At a certain step $n$, our guess of the answer is $\mathbf{w}_n$. Let us assume point $\mathbf{x}_1$ is classified correctly and $\mathbf{x}_2$ is misclassified. We consider making the next guess $\mathbf{w}_{n+1}$ around a small neighborhood of $\mathbf{w}_n$. Let us assume the change in the prediction for $\mathbf{x}_1$ is small and ignore that part for now, as $\mathbf{w}_n$ is already good from its perspective. We need to make $\mathbf{w}_{n+1}$ a better predictor for $\mathbf{x}_2$. If $y_2$ is currently $+1$, it means $\mathbf{w}_n^\intercal \mathbf{x}_2$ is currently negative (as it is misclassified), so it makes sense to have $\mathbf{w}_{n+1}$ to incorporate a positive component, i.e., $(\mathbf{w}_{n+1}-\mathbf{w}_n)^\intercal \mathbf{x}_2 > 0$. Otherwise, if $y_2$ is -1, we would like $(\mathbf{w}_{n+1}-\mathbf{w}_n)^\intercal \mathbf{x}_2 < 0$, so that we have a better chance of correctly predicting $\mathbf{x}_2$ in the next iteration.

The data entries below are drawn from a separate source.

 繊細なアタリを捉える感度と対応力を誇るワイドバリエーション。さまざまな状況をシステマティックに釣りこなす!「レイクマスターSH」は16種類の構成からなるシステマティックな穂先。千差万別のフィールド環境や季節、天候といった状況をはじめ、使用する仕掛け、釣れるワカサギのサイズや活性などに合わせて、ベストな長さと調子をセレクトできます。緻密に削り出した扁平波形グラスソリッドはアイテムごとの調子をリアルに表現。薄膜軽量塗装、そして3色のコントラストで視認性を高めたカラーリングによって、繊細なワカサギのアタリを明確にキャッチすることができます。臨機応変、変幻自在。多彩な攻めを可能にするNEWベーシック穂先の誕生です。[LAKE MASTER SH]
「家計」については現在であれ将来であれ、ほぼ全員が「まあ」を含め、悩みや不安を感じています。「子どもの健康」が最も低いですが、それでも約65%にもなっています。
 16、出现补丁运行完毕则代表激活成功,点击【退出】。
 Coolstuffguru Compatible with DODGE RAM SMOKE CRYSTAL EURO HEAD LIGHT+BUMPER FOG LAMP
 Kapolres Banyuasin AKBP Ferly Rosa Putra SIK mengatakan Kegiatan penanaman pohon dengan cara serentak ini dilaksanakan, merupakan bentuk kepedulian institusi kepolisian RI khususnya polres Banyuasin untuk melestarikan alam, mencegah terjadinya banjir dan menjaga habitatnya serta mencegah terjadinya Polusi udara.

Considering both cases, we can design:

$$\begin{equation} \mathbf{w}_{n+1} = \mathbf{w}_n + \eta y_2 \mathbf{x}_2, \end{equation}$$
so that $\mathbf{w}_{n+1}^\intercal \mathbf{x}_2$ has an additional term $\eta y_2 \mathbf{x}_2^\intercal \mathbf{x}_2$, which always improves $\mathbf{w}$ in a way that the outcome for $\mathbf{x}_2$ classification becomes more favorably. $\eta$ is a positive parameter called learning rate. $\eta$ should be large enough so that we can explore $\mathbf{w}$ space quickly, while it should also be small enough that we do not jump over and miss the minimum. Empirically let us assume $\eta$ is 0.1 without going off topic [1].

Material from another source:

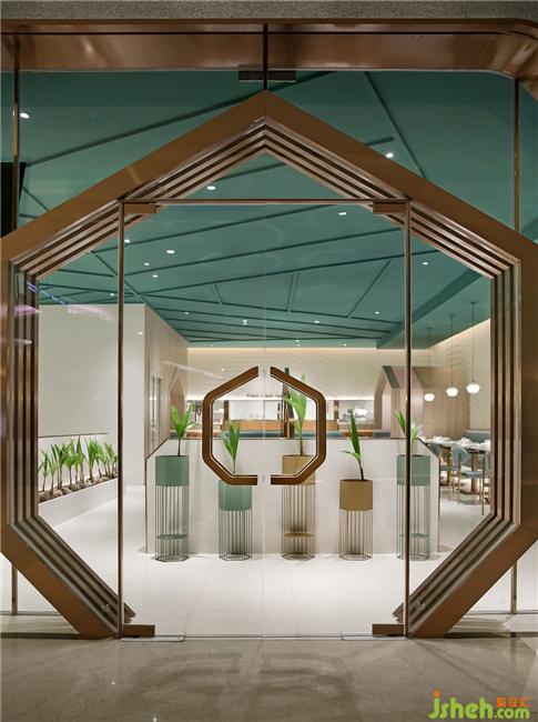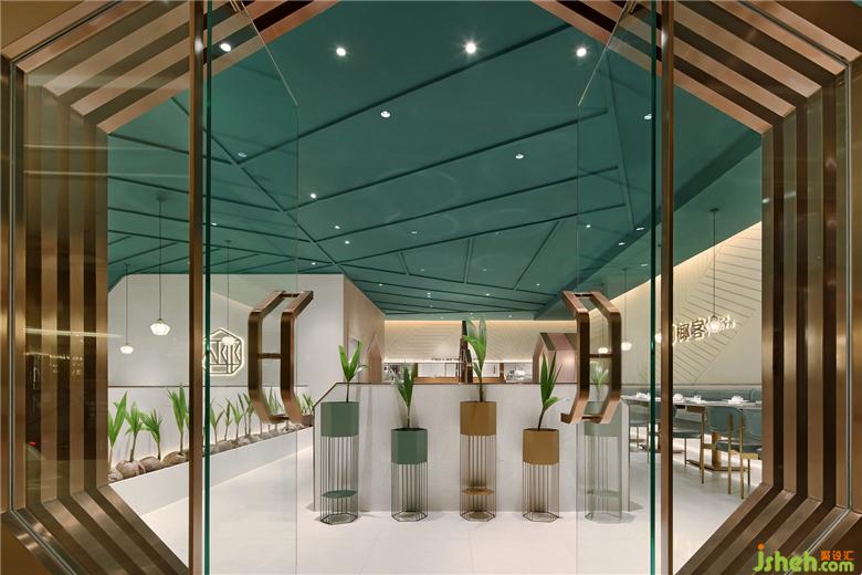 天花上是翻涌的海浪和無限放大的椰樹葉子脈絡(luò),營造出在深海里吃椰子雞的新奇氛圍。金屬材質(zhì)的應(yīng)用讓餐廳的輕奢、高級感呼之欲出。

So the learning algorithms goes like the following: it starts with $\mathbf{w}_0$, if there are points that are misclassified, it randomly picks one of those and use it to alter $\mathbf{w}$ according to Equation (4). Then loops this process. If data points are indeed linearly separable, it can be proven that our algorithm will eventually converge and all data points will be $100\%$ correctly classified, if there is no regularization error term, so the minimization algorithm works. In reality, the algorithm may not stop as not all data points can be all correctly classified, we can memorize the solution associated with the minimum cost identified so far, and use that solution as our final answer $\mathbf{w}^*$.

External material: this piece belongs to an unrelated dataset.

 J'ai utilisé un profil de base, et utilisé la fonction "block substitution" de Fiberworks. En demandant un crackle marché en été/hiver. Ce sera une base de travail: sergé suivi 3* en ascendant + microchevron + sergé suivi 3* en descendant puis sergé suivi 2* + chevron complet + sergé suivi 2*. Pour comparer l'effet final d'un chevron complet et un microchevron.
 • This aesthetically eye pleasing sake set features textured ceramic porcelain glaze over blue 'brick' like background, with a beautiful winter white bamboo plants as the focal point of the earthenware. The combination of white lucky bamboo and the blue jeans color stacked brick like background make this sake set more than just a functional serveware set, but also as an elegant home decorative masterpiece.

What would be a good starting guess for $\mathbf{w}_0$? If data are reasonably separable, we expect data points to form two clusters, points are expected to be closer together within the same labels and further away from points of opposite labels (Figure 4.1). Therefore, a reasonable decision plane has its norm vector $\mathbf{w}$ pointing from the center of $-1$ cluster to the center of $+1$ cluster. A good initial guess is:

$$\begin{equation} \mathbf{w}_0 = \frac{1}{N^{+1}} \sum \mathbf{x} \vert_{y = +1} - \frac{1}{N^{-1}} \sum \mathbf{x} \vert_{ y = -1}. \end{equation}$$

$\mathbf{w}_0$ can certainly be scaled to adjust the initial regularization cost. The optimal hyper-parameter $\lambda$ will be determined through a cross-validation routine described in the previous chapter.

Figrue 4.1. A reasonable choice of $\mathbf{w}_0$ is the one that points from $\mu_{-}$ to $\mu_{+}$.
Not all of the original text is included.